Character string or data frame. Either the full path of the .tsv file produced by nanopolish polya function or an in-memory data frame containing nanopolish data.

sequencing_summary

Character string or data frame. Either the full path of the .txt file with sequencing summary or an in-memory data frame containing sequencing summary data.

pass_only

Logical. If TRUE (default), only reads tagged by nanopolish as "PASS" are taken into consideration. If FALSE, reads tagged as "PASS" and "SUFFCLIP" are both included in the analysis.

Value

A data frame containing read information organized by the read ID. Columns include:

readname

Character. Read identifier

polya_start

Integer. Start position of the poly(A) tail in the raw signal

transcript_start

Integer. Start position of the transcript in the raw signal

polya_length

Numeric. Estimated poly(A) tail length in nucleotides

qc_tag

Character. Nanopolish quality control tag

filename

Character. Name of the source Fast5 file

Always assign the returned data frame to a variable. Printing the full output to the console may crash your R session.

Details

The function performs the following operations:

  1. Reads and validates nanopolish and sequencing summary inputs (accepts both file paths and in-memory data frames)

  2. Filters reads by QC tag (pass_only parameter)

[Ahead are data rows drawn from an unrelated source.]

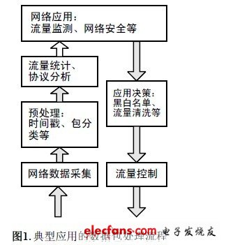 鏈路帶寬的劇增給高速網(wǎng)絡(luò)數(shù)據(jù)包處理帶來(lái)了極大的挑戰(zhàn)。傳統(tǒng)的純軟件網(wǎng)絡(luò)數(shù)據(jù)包處理在性能上已不能滿足需要。當(dāng)前網(wǎng)絡(luò)處理器、多核芯片等針對(duì)高性能網(wǎng)絡(luò)數(shù)據(jù)包處理提供了件加速技術(shù),對(duì)多數(shù)網(wǎng)絡(luò)應(yīng)用提供了高性能實(shí)現(xiàn)方法。在對(duì)數(shù)據(jù)處理時(shí)延、吞吐量、丟包率等性能指標(biāo)有更高要求的應(yīng)用場(chǎng)合,還需要專用的加速硬件。本文針對(duì)基于深度報(bào)文檢測(cè)(DPI)的高性能流量分析和控制應(yīng)用需求,介紹基于現(xiàn)場(chǎng)可編程邏輯門陣列(FPGA)的通用高速網(wǎng)絡(luò)數(shù)據(jù)包處理硬件加速架構(gòu)。該架構(gòu)對(duì)數(shù)據(jù)采集通路進(jìn)行硬件加速,實(shí)現(xiàn)了高速鏈路數(shù)據(jù)報(bào)文的線速采集,通過(guò)專用硬件進(jìn)行數(shù)據(jù)包轉(zhuǎn)發(fā)和流量控制,針對(duì)后端多核服務(wù)器的并行處理進(jìn)行優(yōu)化,實(shí)現(xiàn)了控制和分析平面的高性能處理。本文介紹該架構(gòu)在流量采集、高精度時(shí)鐘同步、高速包分類和流量控制等方面的硬件加速方法。測(cè)試結(jié)果表明,這些加速方法充分卸載了服務(wù)器的處理負(fù)荷,能有效地提高應(yīng)用系統(tǒng)的性能。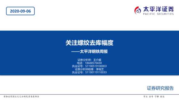 【太平洋证券】【20200906】20200906-太平洋-钢铁周报:关注螺纹去库幅度-52页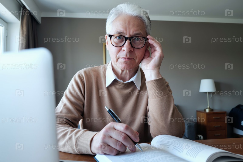 Портрет пожилого человека с очками, изучающего на столе в помещении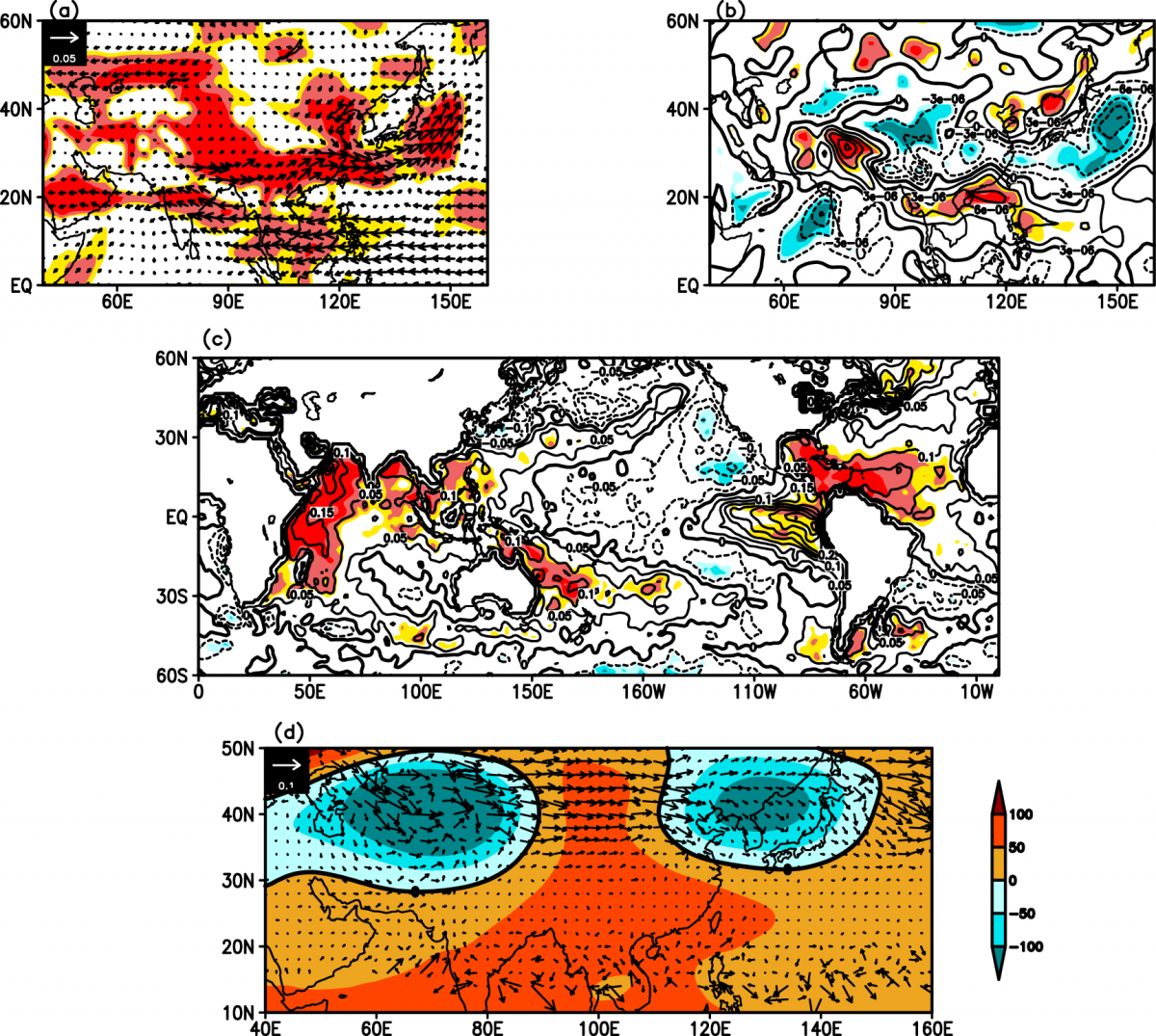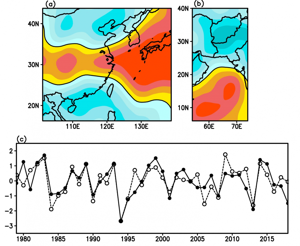 我院海洋大气相互作用研究团队针对阿拉伯海和伊朗高原的热力配置特征和异常情况及其与东亚夏季风年际变化的相关联性进行了系统性分析,结果显示阿拉伯海-伊朗高原的热力空间型态呈现出稳定的偶极型模态。当阿拉伯海的非绝热加热出现正异常,伊朗高原出现异常冷却时,中国的长江中下游地区、日本及其邻近海域的夏季降水显著高于气候态,华北和华南的沿海地区夏季降水量显著偏少(图1)。

  3. Joins nanopolish poly(A) data with sequencing summary by read name

  4. Filters reads with poly(A) tail length >= 10 nt

  5. Removes duplicate entries from secondary alignments

See also

extract_tail_data for extracting tail features from individual reads, create_tail_feature_list for batch feature extraction

Examples

if (FALSE) { # \dontrun{

ninetails::extract_polya_data(
  nanopolish = '/path/to/nanopolish/polya/output.tsv',
  sequencing_summary = '/path/to/sequencing_summary.txt',
  pass_only = TRUE
)

} # }